Fig. 5: Correlation of DNMT3C flanking sequence preferences and genomic methylation.
figure 5

a Correlation of the NNCGNN flanking profiles of different DNMTs with the genomic methylation of 6KO cells33. DNMT data were taken from: DNMT153, DNMT3A19,29; DNMT3B19. Shown are Pearson r values. See also Supplementary Fig. 8 and Supplementary Table 4. b Correlation of DNMT3C flanking sequence preferences and genomic methylation in o/e ratios for all 256 NNCGNN sequences. The boxes show the median, 1st and 3rd quartile. Whiskers display the 1.5 IQR distance. X indicates the average. c Enrichment and depletion of bases at the -2 to +2 flank of the 10% most highly/lowly methylated NNCGNN sequences in 6KO cells. DNMT3C-specific effects at position -2 and -1 are highlighted by arrows. d Methylation levels of NNCG sites in 6KO cells expressed as o/e. The DNMT3C-specific CC preference is highlighted by an arrow. e Local correlation analysis of methylation levels and DNMT3C NNCGNN preferences of consecutive CpG sites in chromosome 1 of 6KO. R-values were determined in a 22 CpG site window, positive r-values are shown in blue, negative ones in orange. Examples of local correlations are shown in Supplementary Fig. 9.

To further validate the correlation of CpG methylation levels in 6KO cells and DNMT3C NNCGNN preferences, local correlation analysis of consecutive CpG sites were conducted with a sliding window of 22 sites in chromosome 1. As shown in Fig. 5e, positive correlations were observed much more frequently than negative correlations.
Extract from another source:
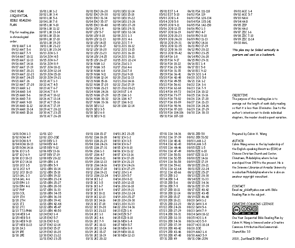 Download Just Read It 365 as a PDF file. SIDE 1 is in chronological order, i.e., in order as the events take place. SIDE 2 is in sequential order, i.e., as printed in standard bibles, canonically.

The probability of this distribution was tested by randomizing the NNCGNN preferences and repeating the analysis, revealing a Z-value of >11 corresponding to a p value < 10-99. Examples of local correlations are shown in Supplementary Fig. 9, illustrating that in each case, genomic methylation peaks were observed at peaks of the relative NNCGNN preferences of DNMT3C.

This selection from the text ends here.